Bouwstoffen voor de Fries; chauvinisme vol humor en ironie

Friezen in Rome, zo heet het nieuwe boek van Atte Jongstra (Terwispel, 1956). Op het titelblad staat dat Friezen in Rome een roman is, maar zonder die vermelding zou je dat bij eerste beschouwing niet denken. Aan de tekst zijn 711 eindnoten (‘bouwstoffen’) toegevoegd, samen bijna 100 pagina’s beslaand, gevolgd door een bronnenoverzicht van 14 pagina’s, gevolgd door een register van 23 pagina’s. Wie het werk van Jongstra kent, weet dat je je daar niet door mag laten afschrikken.
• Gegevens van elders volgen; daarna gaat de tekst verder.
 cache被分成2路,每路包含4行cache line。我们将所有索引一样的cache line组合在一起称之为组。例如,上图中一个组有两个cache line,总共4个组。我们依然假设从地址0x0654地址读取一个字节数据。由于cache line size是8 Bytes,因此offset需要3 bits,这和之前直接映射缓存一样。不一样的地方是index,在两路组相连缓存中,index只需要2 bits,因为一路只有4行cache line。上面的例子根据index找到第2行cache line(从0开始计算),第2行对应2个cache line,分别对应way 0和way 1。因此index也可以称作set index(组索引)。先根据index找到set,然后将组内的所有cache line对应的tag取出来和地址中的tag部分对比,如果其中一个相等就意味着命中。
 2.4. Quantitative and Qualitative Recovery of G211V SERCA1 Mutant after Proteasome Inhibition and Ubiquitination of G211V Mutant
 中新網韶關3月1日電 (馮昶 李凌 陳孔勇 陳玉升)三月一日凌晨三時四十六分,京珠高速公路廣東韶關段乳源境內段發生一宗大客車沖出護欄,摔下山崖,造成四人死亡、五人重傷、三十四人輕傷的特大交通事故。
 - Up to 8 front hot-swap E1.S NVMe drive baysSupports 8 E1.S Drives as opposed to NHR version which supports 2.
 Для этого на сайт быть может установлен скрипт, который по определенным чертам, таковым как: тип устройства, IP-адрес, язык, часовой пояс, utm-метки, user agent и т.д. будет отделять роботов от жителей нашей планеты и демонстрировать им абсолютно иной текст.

Integendeel, in de honderden noten zit veel waar leesgenot aan valt te ontlenen.

Het verhaal draait om een verblijf in Rome van de ik-figuur, Atte Sixma, medewerker van de Provinciale Bibliotheek van Friesland en tevens werkend lid van het Fries Historisch Verbond. Sixma is erin geslaagd een fellowship als onderzoeker binnen te slepen aan het Academisch Instituut in Rome. Zijn verblijf moet uitmonden in een wetenschappelijke publicatie over ‘Friese huurlingen in dienst van de Paus, 750 – 1870’.

Sixma’s verslag van zijn wederwaardigheden in Rome is een typische Jongstra-tekst, waarin komedie, satire en ironie de toon zetten, bijvoorbeeld bij beschrijvingen van het gezelschap van fellows, die elkaar naar de kroon steken qua betekenisloosheid van hun onderzoeksthema’s. Sixma wordt al snel een buitenbeentje, als roker, als iemand die geen pasta lust en als de man die behalve in pasta in alles Friese invloeden herkent.
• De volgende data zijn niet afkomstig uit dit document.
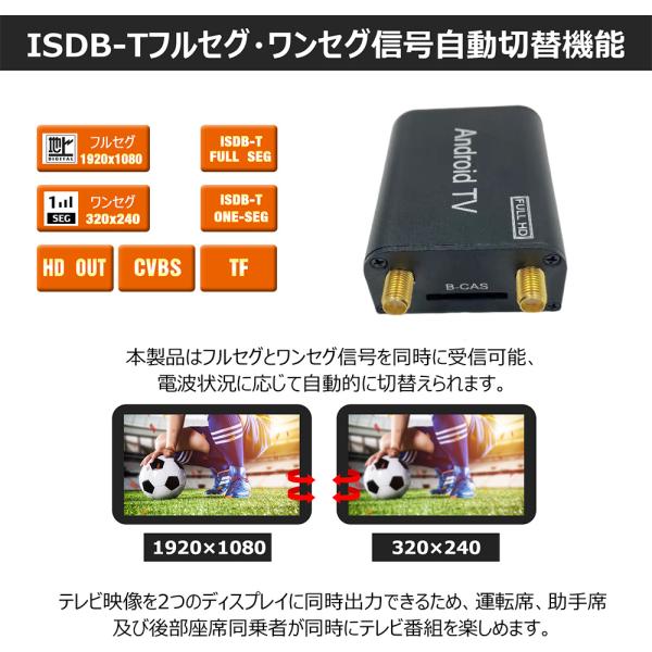 【ISDB-Tフルセグ・ワンセグ信号自動切替機能】【1080Pハイビジョン出力、高画質、高精細度】【タッチパネル対応、操作は簡単】 【時速150kmまで正常に受信可能】 【小型・軽量で置き場所に困らない】 【車載の液晶表示ユニットや配線を分解せずに取り付けることができる】

Sixma doorspekt zijn verslag met conclusies over de Friese wereldgeschiedenis, getrokken op basis van wat zijn zoektochten in digitale databestanden opleveren. Hij beoogt niets minder dan de wederopbouw van de geschiedenis van de Friezen, na eeuwen van kaalslag door historici die mythen, sagen en legenden aanzien voor louter fantasie.

Sixma’s constructiewerk, opgetrokken uit wat 19de-eeuwse bronnen vertellen, leidt tot een geschiedenis van de Friezen die teruggaat tot ver voor Christus. Zo heeft een Friese volksplanting in India aan de basis gestaan van een arisch volk aldaar – bewijs: een nog steeds beoefende variant van kaatsen – en is Chili in de 11de eeuw ontdekt door Friezen. De opgraving in Wispolia (Terwispel) van een aardewerken vergiet, zinnebeeld van het geheugen, wijst natuurlijk op sterke banden tussen Friezen en Romeinen, aldus Sixma.
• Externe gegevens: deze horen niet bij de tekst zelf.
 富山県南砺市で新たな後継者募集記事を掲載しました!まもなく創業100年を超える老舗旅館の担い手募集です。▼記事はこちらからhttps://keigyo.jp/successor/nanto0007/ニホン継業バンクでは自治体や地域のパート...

Chauvinisme en nationalisme dient men met humor en ironie tegemoet te treden. Friezen in Rome zit er vol mee en telt talloze grappen, allemaal ondersteund door bronnen, zelf vaak ook weer grappen. Intussen is dit boek ook een mooie, tragikomische roman over een stoethaspelige Friese schelm.

Hans van der Heijde

Atte Jongstra – Friezen in Rome. De Arbeiderspers, Amsterdam. 416 blz. € 24,99.

Deze recensie verscheen eerder in de Leeuwarder Courant en het Dagblad van het Noorden op 9 juli 2024.